TQ: Or at the very least to bird-dog them… call them out at every turn. And after a couple of years, there was an embarrassing revelation: 

45 – He was suspended for two weeks without pay for among other offenses, for  sending email messages from his home and work computers, raising questions about the Lyme disease foundation… one message contained a skull and crossbones and called the foundation, quote whacko. That’s a quote from my story. 

It was while he was on that two-week suspension that he went around the NIH… started reaching out to the press.

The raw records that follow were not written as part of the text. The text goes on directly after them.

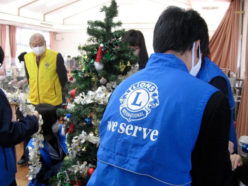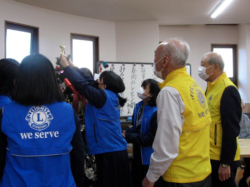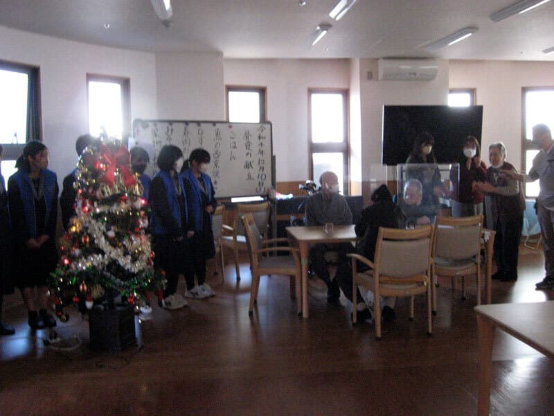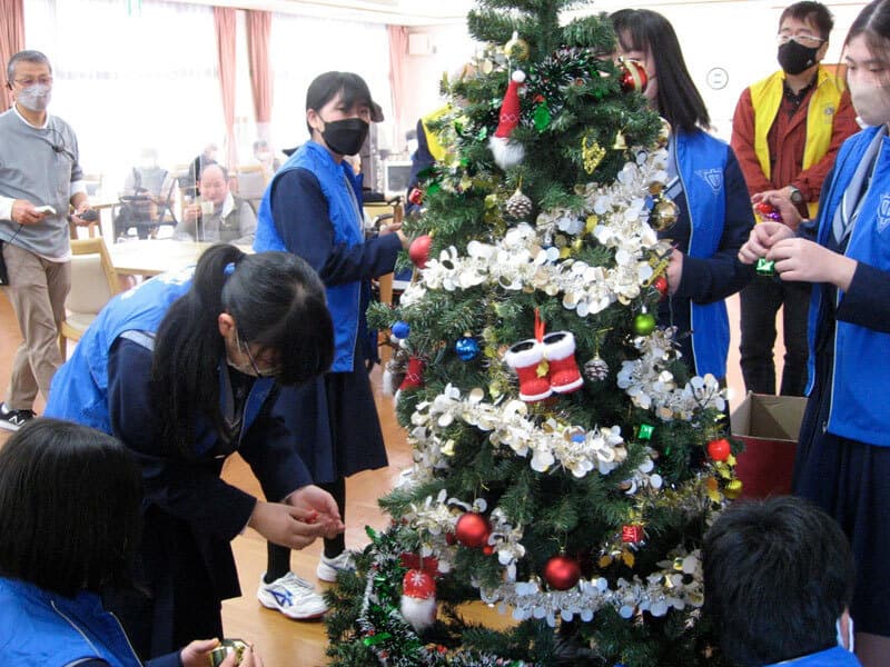 特別養護老人施設「かるべの郷」あじさい談話室にクリスマスツリーの飾付けをしました。
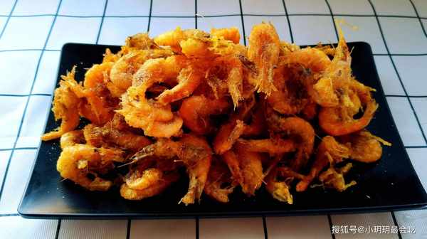 4、由于小河虾一遇到高温就会变色,因此炸制的时候要观察一下,避免炸得太嫩或者炸得太老。
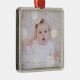 Ditt favoritfoto på ett fyrkantigt metall-ornament. Ladda upp din egen bild för att skapa Julgran-prydnadsföremål för dig själv eller ge som en gåva till familj, vänner, föräldrar och mor- och farföräldrar! Ord kärlek i ett skript för chic visas över fotot på framsidan eller radera det.

SEB: So you’re confused about this story, because if in one version of this story McSweegan is a good government whistleblower… in the other version he’s… what… just kind of a jerk with a vendetta?

TQ: Let me put it this way: Karen and her husband were definitely well-meaning campaigners… they had lost their child. I think in hindsight, maybe they shouldn’t have been the lead anecdote in some of these media stories… but at the time they gave the media a big scoop and here’s McSweegan, calling them whackos… Thomas Forschner, her husband, was quoted calling him a “stalker”

SEB: It’s just not a good look for a government scientist.

TQ: Right, it’s clear that he’s being aggressive. And in response to the whacko comment that got him suspended the Forschners asked the NIH to make it up to them by honoring them with an award, a ceremony and a plaque.

SEB: hmmm… that feels a little… I mean it feels like they were exerting a kind of power over the NIH.

TQ: Yup. And the impression you get reading these articles is that this was a big thing. A number of scientists expressed real concern about the precedent – that the NIH is being pressured to honor an advocacy group with a bad history of dodgy claims… 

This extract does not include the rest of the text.